The California prices are also driven by the switch from MTBE as fuel oxygenate to ethanol, a switch that is taking full effect for the first time in 2004. Ethanol, a corn-based additive, is not produced in California, cannot be shipped from the Midwest to California in oil pipelines, and is highly water soluble, so it can only be added to the fuel at the rack (basically, right before it ships out to gas stations). And Senator Boxer wonders why the price of gasoline in California has gone up to $2.18/gallon? I suggest that she review Title II, Section 211 of the Clean Air Act Amendments of 1990. You can also read my testimony to a Congressional hearing on the MTBE/ethanol transition in California from July 2003 for more background.
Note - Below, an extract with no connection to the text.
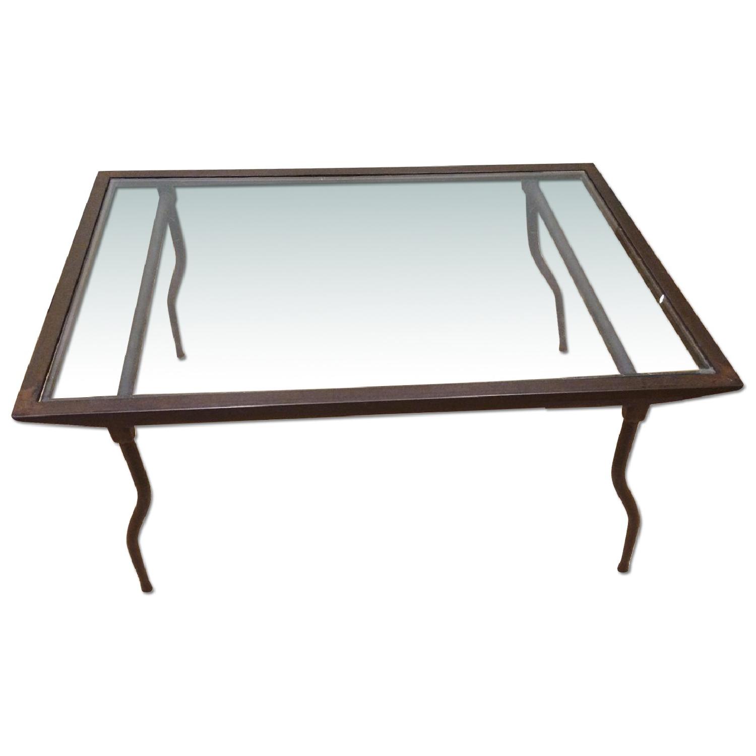 Seller's Notes:Table is perfect and not too large. Wish we can keep it but with kids a coffee table seems like a bad idea!!!! Ethan Allen glass top coffee table. Glass is extremely durable. Easy to clean. Actual table frame is made of iron and is a rusty brown color. Original price: $750 Item is in great condition besides a minor chip in the glass on the corner.
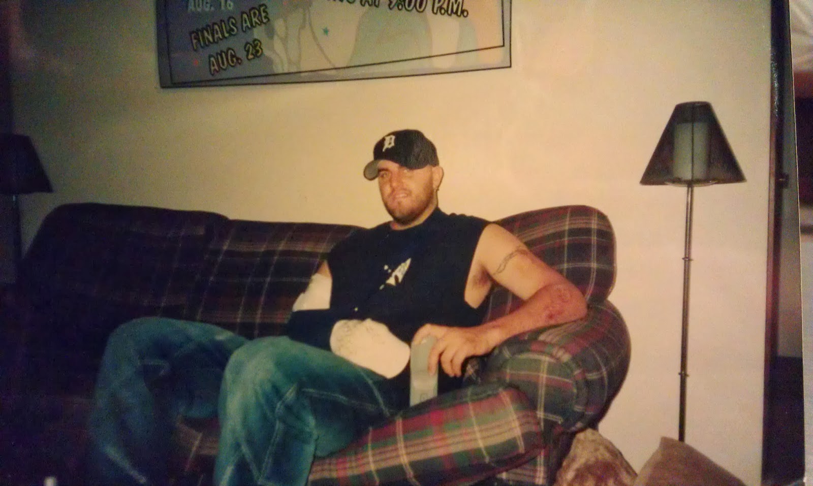 I thought I would start out by sharing a few pictures and facts about Shaun's accident. September 13, 2003: The day of Shaun's accident he had been at the Holiday Inn in Spring Lake, MI for a bike show. As he was heading home, he lost control of the bike just after the bridge in Grand Haven, MI. His choice was to either hit the guard rail on the bike and go over the guard rail down a hill or to jump off and hope for the best. So he pushed the bike away and bailed, hands over helmet, hoping all the cars behind would stop in time. When Shaun hit the pavement, he landed on his right shoulder. The force of the landing stretched all of his nerves like rubber bands, tearing all of them away from his spinal chord. He also suffered broken bones, road rash, and bruises.

3. New air quality regulations taking effect in 2004. The EPA’s Tier 2 sulfur control regulations, leading to the co-development of low-sulfur fuels and vehicles optimized to the use of low-sulfur fuel, took effect in January 2004. This program to reduce sulfur content in fuel will be phased in over three years, and 2004 is the first year in which refiners will be required to meet overall sulfur content regulations, according to this EPA fact sheet on the Tier 2 regulations:
Beginning in 2004, the nation’s refiners and importers of gasoline will have the flexibility to manufacture gasoline with a range of sulfur levels as long as all of their production is capped at 300 parts per million (ppm) and their annual corporate average sulfur levels are 120 ppm.
These new regulations, while likely to deliver improvements in air quality, are going to increase gas prices, at least in the short run. Refiners are having to engage in research, in reconfiguration of their production processes, and in equipment installation to meet the new low-sulfur requirements. For example, Valero is building a new desulfurization unit in one of its Louisiana refineries, precisely to aid compliance with the Tier 2 sulfur regulations.
These factors have combined to raise the current, and expected future, prices of gasoline. The new low-sulfur requirements are not likely to exacerbate the seasonality/inelasticity problem, but they will increase fuel prices.